Key Facts and Data Points

  • PSLV‑C61 (May 2025) – Intended payload: EOS‑09 Earth observation satellite. Failure due to sudden drop in combustion‑chamber pressure in the third stage (PS3).
  • PSLV‑C62 (January 2026) – Intended payloads: EOS‑N1 (Anvesha) for DRDO + 15 commercial satellites. Failure due to roll‑rate disturbance and loss of control during PS3 burn.
  • PSLV specifications
  • Four‑stage launch vehicle (solid‑liquid‑solid‑liquid).
  • First stage: solid HTPB motor with six strap‑on boosters.
  • Second stage: Vikas liquid engine (UDMH/N₂O₄).
  • Third stage: solid HTPB motor – critical for final velocity; cannot be throttled.
  • Fourth stage: liquid MMH/MON engines for precise orbital insertion.
  • Payload capacity: 1,750 kg to 600 km Sun‑Synchronous Polar Orbit (SSPO).
  • Strategic payloads lost: Earth observation satellites essential for border surveillance, disaster management, and defence intelligence.
  • Commercial impact: India's global small‑satellite launch share fell from ~35 % in 2017 to near‑zero by 2024; insurance premiums expected to rise.

Background and Context

  • PSLV’s legacy: First successful launch in Oct 1994; workhorse for LEO and SSPO missions; enabled Chandrayaan‑1 and Mars Orbiter Mission.
  • Recent failures: Both linked to PS3 solid‑motor anomalies, suggesting systemic manufacturing or quality‑control issues.
  • Policy framework: Space activities governed by the Indian Space Research Organisation (ISRO) Act, 2008 and the Space Activities Bill (draft); Union List (Article 246) places space under central jurisdiction.
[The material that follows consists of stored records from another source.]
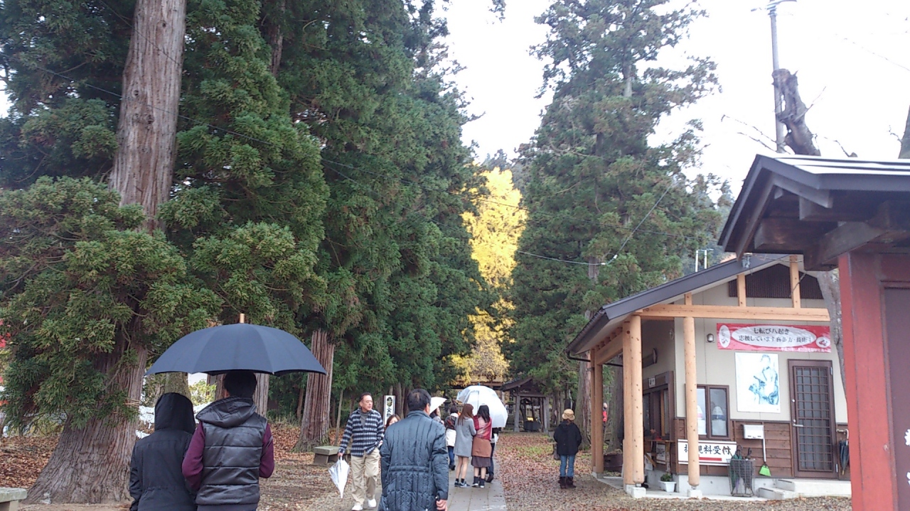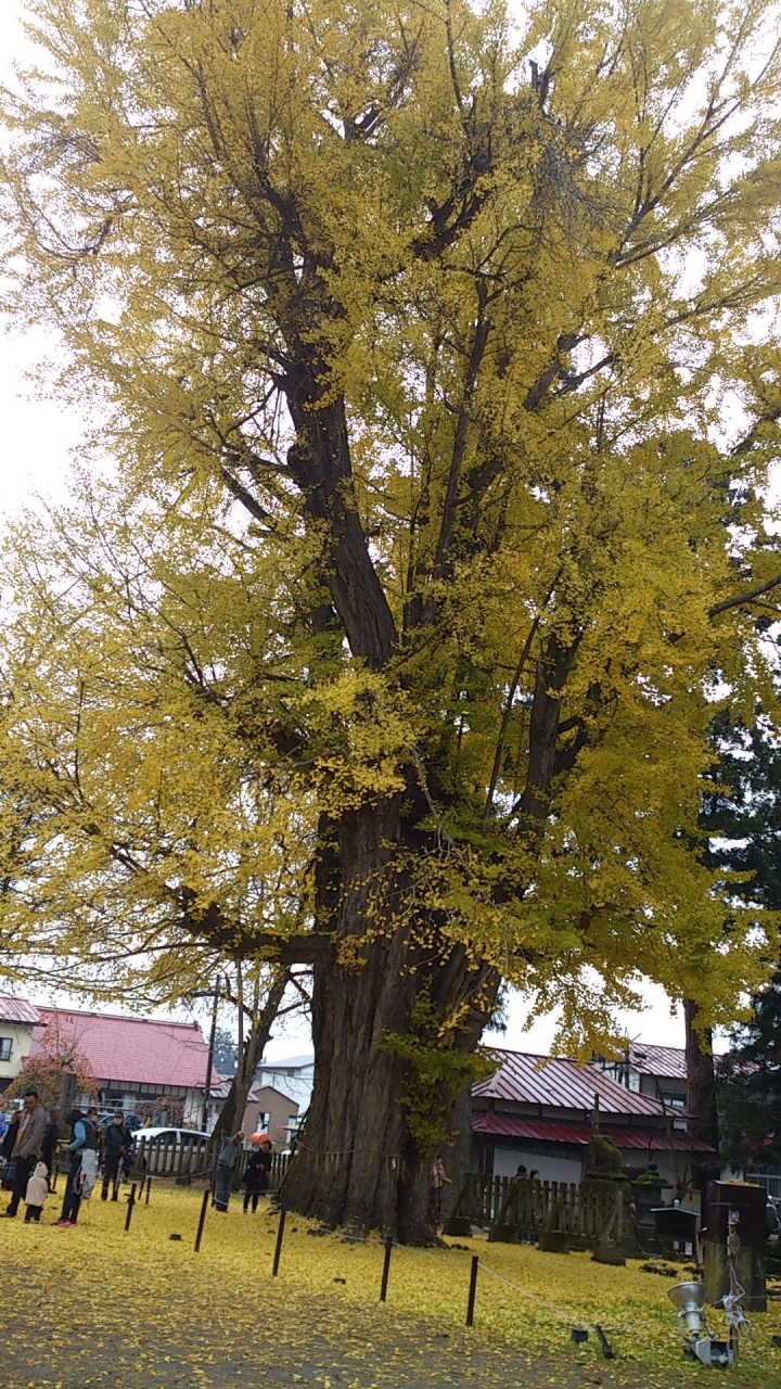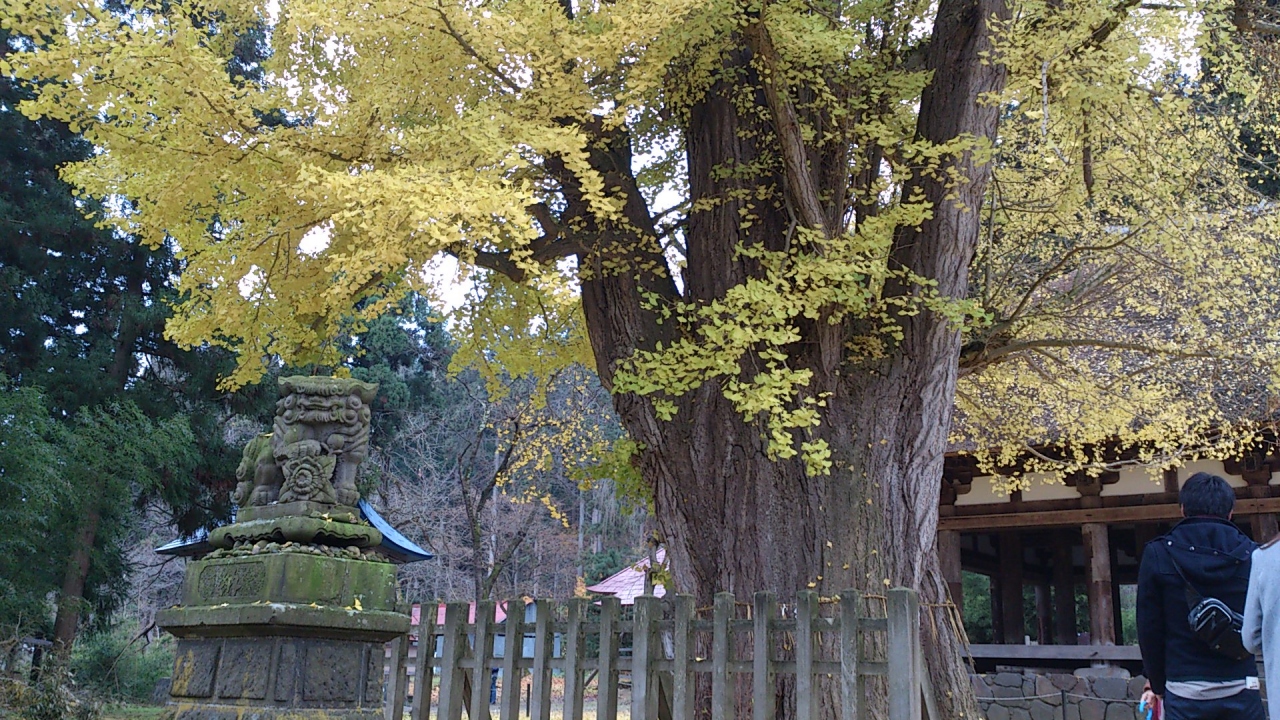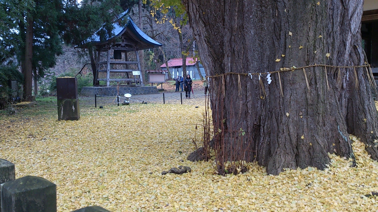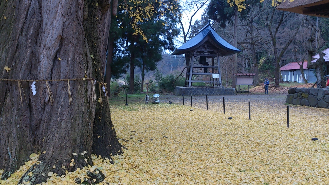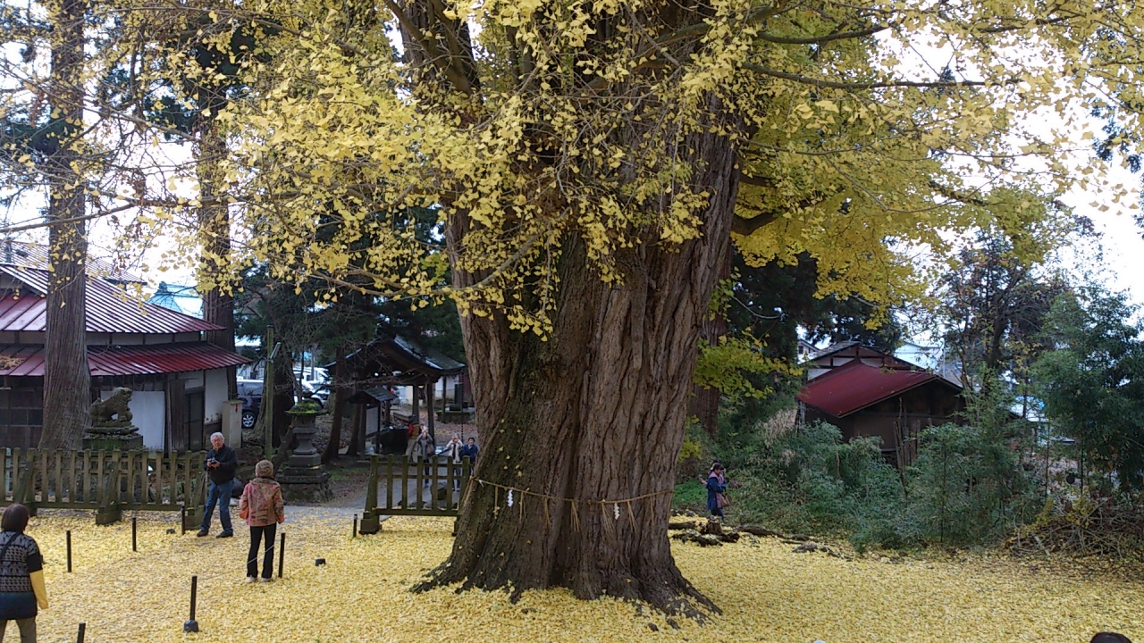 喜多方の市街地より南西方向へ約10?行くと「新宮熊野神社」が現れます。ここは、長床と呼ばれる拝殿、根本周り8mの大イチョウで有名です。樹齢800年の案内板があり、それは見事な黄色の世界を造っています。地面が黄色に染まる景色をご堪能あれ。
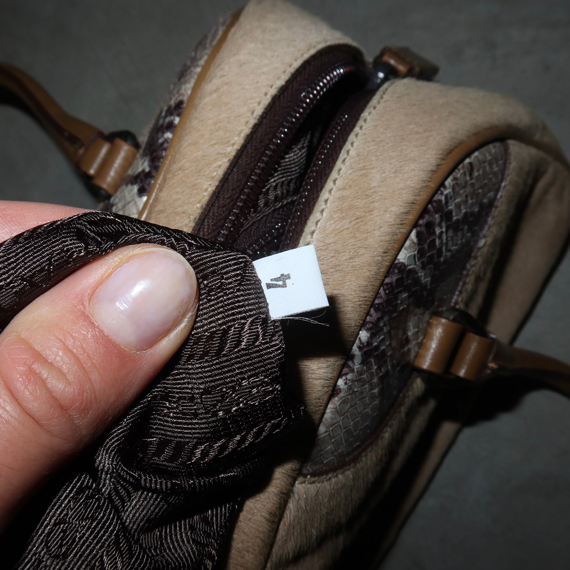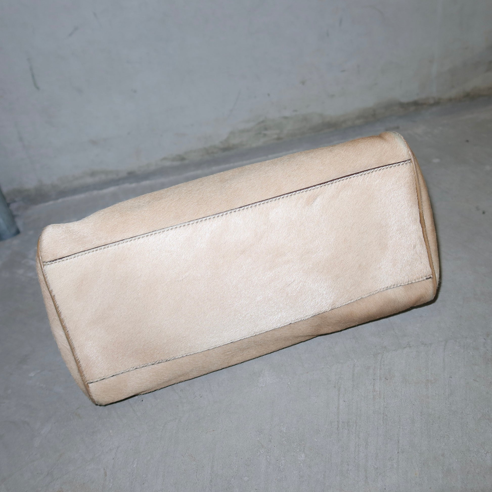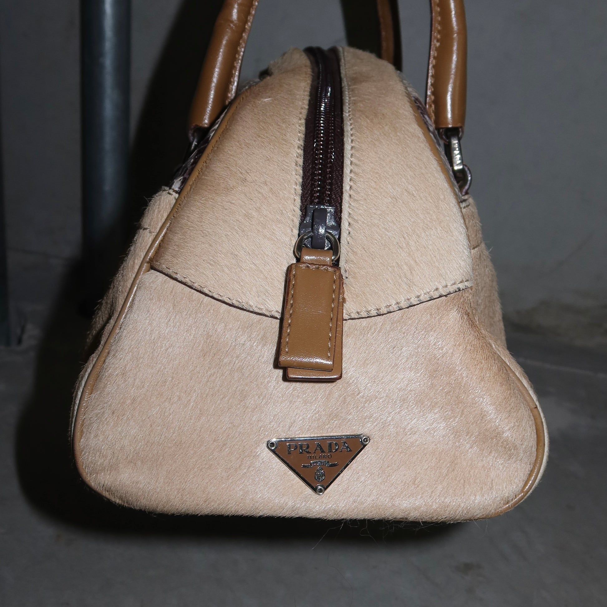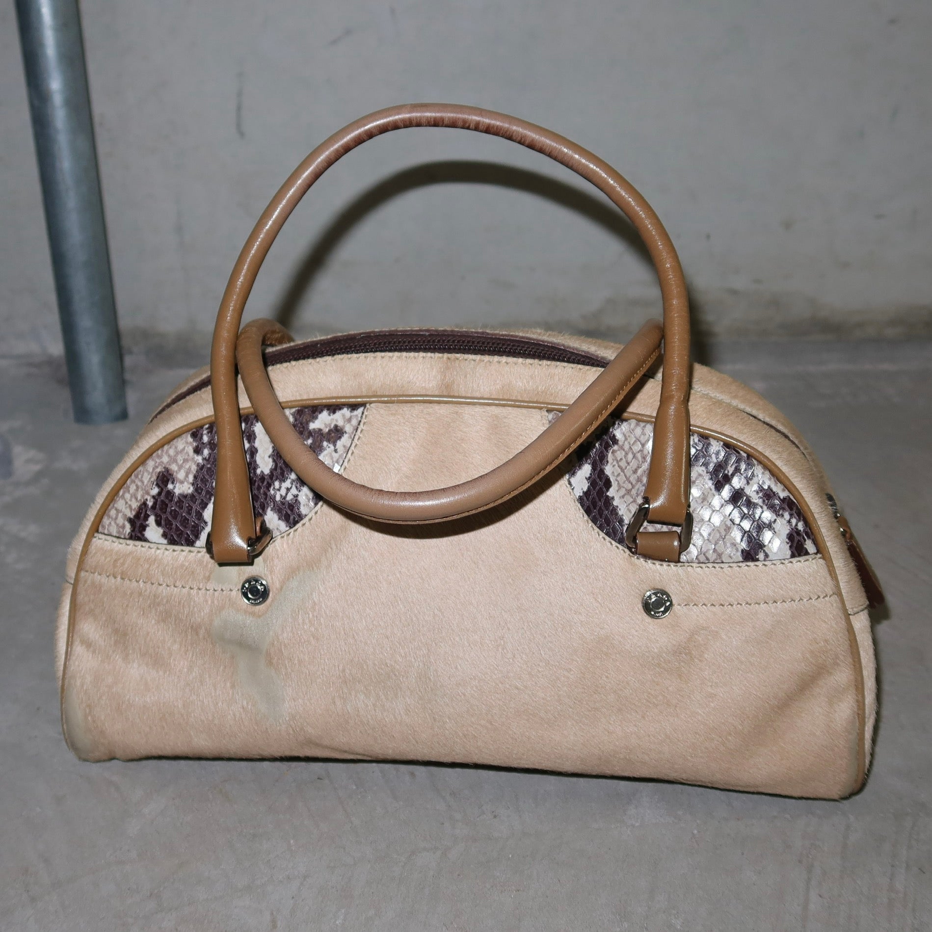 Gorgeous and rare beige cowhide bowling bag by Prada with python leather accents. Fits as a shoulder bag but is quite snug on the shoulder. I would recommend using as a handbag to minimise rubbing to the cowhide.
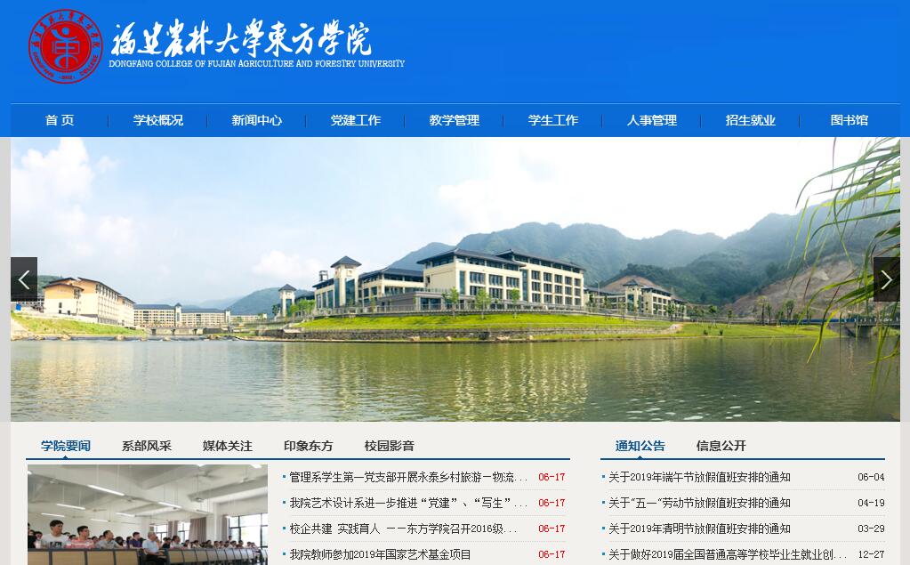 福建农林大学东方学院2002年由福建农林大学申办,是教育部批准设立的以财经管理类学科为主,多学科协调发展,服务区域经济和社会发展的全日制本科独立学院。2005年,学院通过教育部专家组的专项评估。2011年,通过省教育厅学士学位授予权单位审核评估。学院新校区位于福建省福州永泰葛岭,校园占地面积近800亩,校园风景秀丽、四季梅李花香。整个校园分为教学行政区、学生生活区、图书馆与体育运动区、对外交流与教学实训区、景观内湖等五大部分,新校区办学设施齐全,万兆光纤网络覆盖全校,智慧校园建设初具规模;建成了省内高校领先水平的云桌面系统和云数据共享平台,初步实现云财会实验模拟仿真,建成了20多个专业教学实验室和校内经管实训基地,为学生创造了一流的学习和生活条件,是莘莘学子求学的理想园地。学院依托具有80多年办学历史的福建省一流大学重点建设高校--福建农林大学,共享其优质办学资源。不断提升办学内涵和人才培养质量,现设有经济系、管理系、会计系、文法系、信息工程系、艺术设计系等6个系和1个公共基础教学部,共30个本科专业,涵盖经、管、文、法、农、工、艺术7大学科门类,在校生近8000人。学院坚持以应用型人才为培养目标,积极开展校地校企合作,与永泰县合作共建全国首个县级“乡村振兴研究院”,建立120多个校外实践教学基地。加强对外合作交流,与台湾铭传大学、台湾华梵大学达成了互派交换生,师资资源共享。学院高度重视学生综合素质和创新创业能力培养,成立创新创业学院,实施“三全”育人模式,构建以“社团活动+学科竞赛”为载体的人才培养体系,打造“一系一品”的社团精品活动,鼓励学生积极参与课外学术科技作品竞赛、“互联网+”大学生创新创业大赛。学院曾获福建省高校校园文化建设优秀成果三等奖;在"园冶杯”大学生国际竞赛、“蓝桥杯”全国软件设计大赛、“用友杯”全国大学生创业设计暨沙盘模拟大赛、中国高校美术作品学年展、全国英语竞赛等学科竞赛中获得优秀成绩。办学迄今已培养两万多名毕业生,为福建省乃至国家经济建设和社会发展输送了大批高素质应用型人才。2017届毕业生就业率达96.20%。展望未来,学院将紧密结合国家社会经济发展对应用型人才的需求,秉承“明德、诚智、博学、创新”的校训精神,朝着建设有特色、高水平的应用型本科高校这一目标奋勇前进。
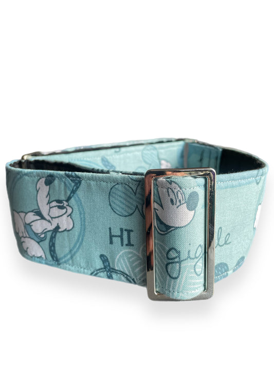 Mickey Mouse & Pluto on a soft sage, wide greyhound and whippet Martingale collar cotton super soft
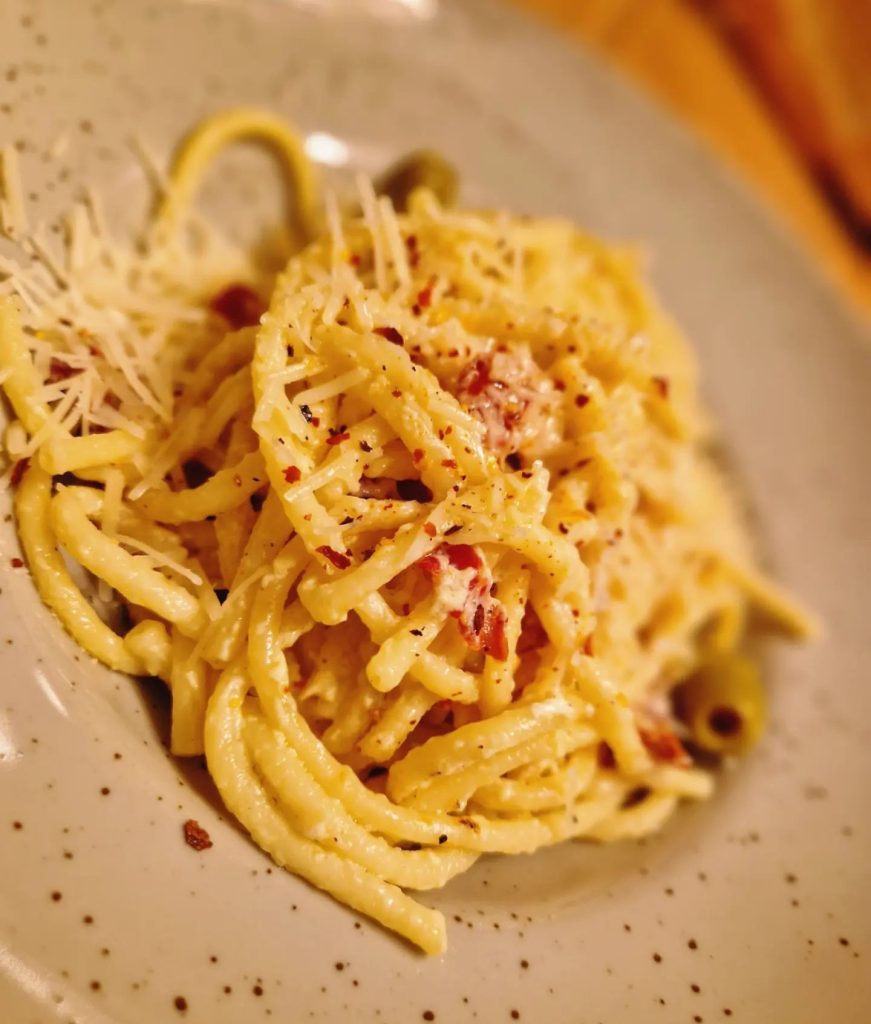 - Skär pancetta i små bitar. Stek gyllene i en stekpanna med olivolja. Vispa ihop äggulor och riven ost i en bunke tills blandningen är lite fluffig.
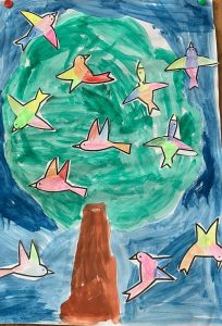 We gingen zingen met de klas, en met de hele school. Het was Fete de la musique en we hadden een eindejaarsspectacle op vrijdag 21 juni. Het ging over dieren. We hadden daar al een hele tijd over gewerkt op school. We gingen een liedje zingen met de klas. Als je hier op klikt, weet je welk liedje. We zongen ook veel liedjes met de hele school. Daarna was er ook een tentoonstelling. Er werden alllemaal tekeningen en knutselwerken getoond. Van mij was er een zwaantje te zien, wat ik had gevouwen. Ik had ook een mooie boom geverfd. Het zingen vond ik vooral leuk! Uit school ging ik me omkleden. Iedereen moest een zwarte broek aan met een gekleurd shirt, bijvoorbeeld helemaal geel. Of helemaal groen of helemaal paars. Ik koos voor een blauw T-shirt. Tessa had een oranje T-shirt aan. Dennis had een groen T-shirt aan. Mijn ouders mochten zelf weten wat ze aandeden.

Significance for India / Governance / Policy

  • National security: Delay in deploying EO satellites creates intelligence “blind spots” affecting border monitoring and disaster response.
  • Commercial credibility: Repeated failures erode confidence of foreign customers, jeopardising revenue for NewSpace India Limited (NSIL) and the broader Indian space industry.
  • Supply‑chain vulnerability: Dependence on imports for space‑grade electronics, carbon‑fibre, semiconductors (import cost ~12× export earnings, 2021‑22) exposes the programme to export‑control risks.
  • Privatisation challenge: Transfer of 50 % PSLV development to HAL‑L&T consortium raises QA consistency concerns across tiers.

Recommended Measures (Policy & Technical)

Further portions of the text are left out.